Mozilla has patched a important safety vulnerability in its Firefox Internet browser that is being actively exploited within the wild.
Tracked as CVE-2024-9680, the vulnerability is a use-after-free difficulty in Animation timelines, with attackers exploiting it to execute arbitrary code, in line with Mozilla’s advisory. It carries a CVSSv3 vulnerability-severity ranking of 9.8 out of 10 and a low assault complexity (no privileges or consumer interplay is required to efficiently exploit the flaw), and interprets into excessive danger within the occasion of a profitable assault.
Vital bugs in Firefox, which is utilized by round 178 million individuals worldwide, are few and much between. The Internet browser hasn’t needed to provide patches for such a extreme flaw since March, and solely a small quantity have been found prior to now few years.

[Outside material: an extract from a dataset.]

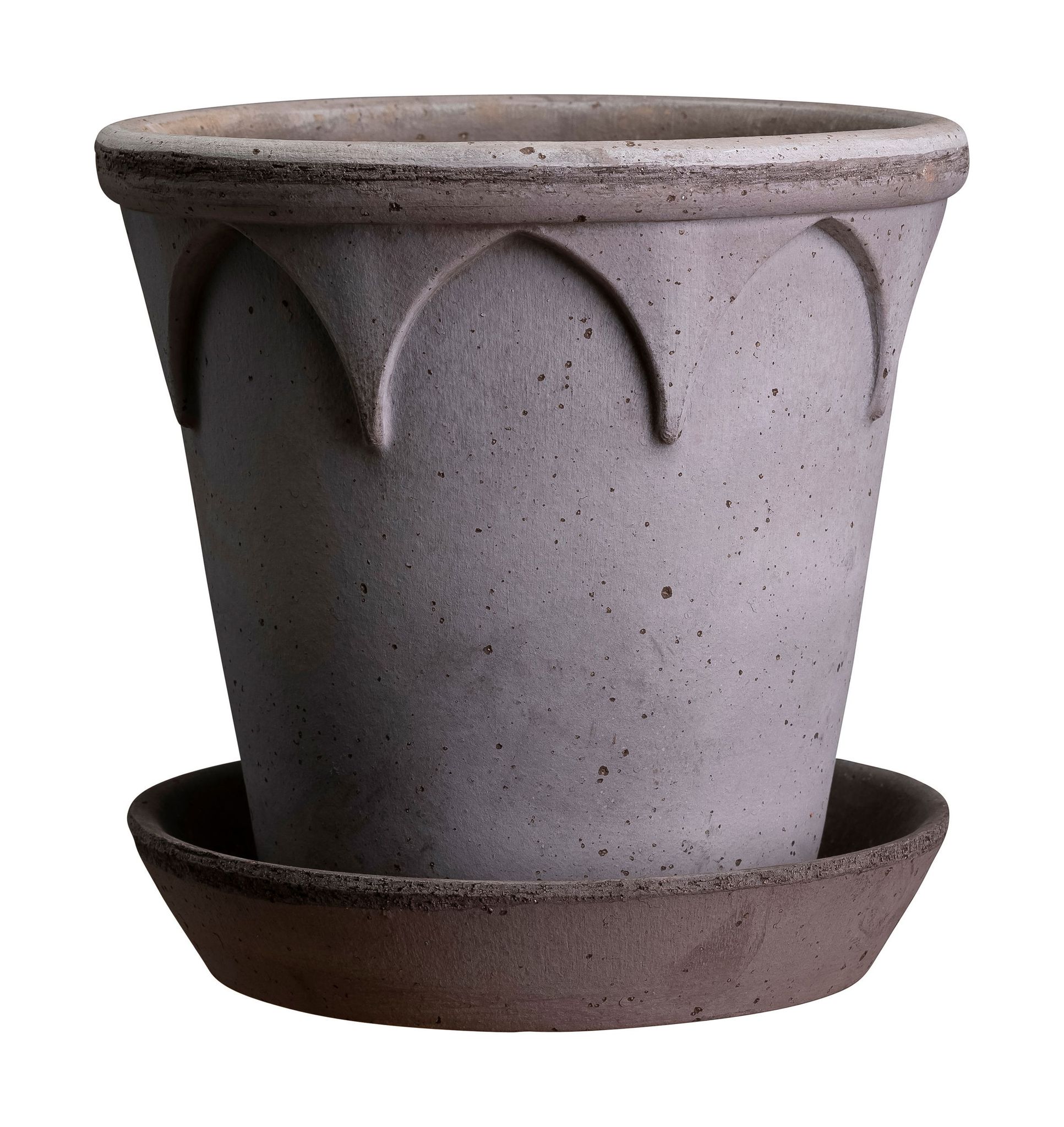 Upptäck Bergs Potters eleganta Elizabeth RAW Kruka med Fat, 25 cm i diameter. En vacker grå nyans som hyllar kvinnor med styrka och grace.

The disclosure sparked a flurry of alerts from worldwide cyber companies, together with Dutch nationwide cyber middle Nationaal Cyber Safety Centrum, and the cybersecurity facilities of Canada and Italy.
The Internet browser vulnerability impacts Firefox 131.0.2, Firefox ESR 128.3.1, and Firefox ESR 115.16.1. Customers ought to improve to model 131.0.2 in Firefox and to variations 115.16.1 or 128.3.1 for Firefox ESR to repair the vulnerability and thwart potential exploitation.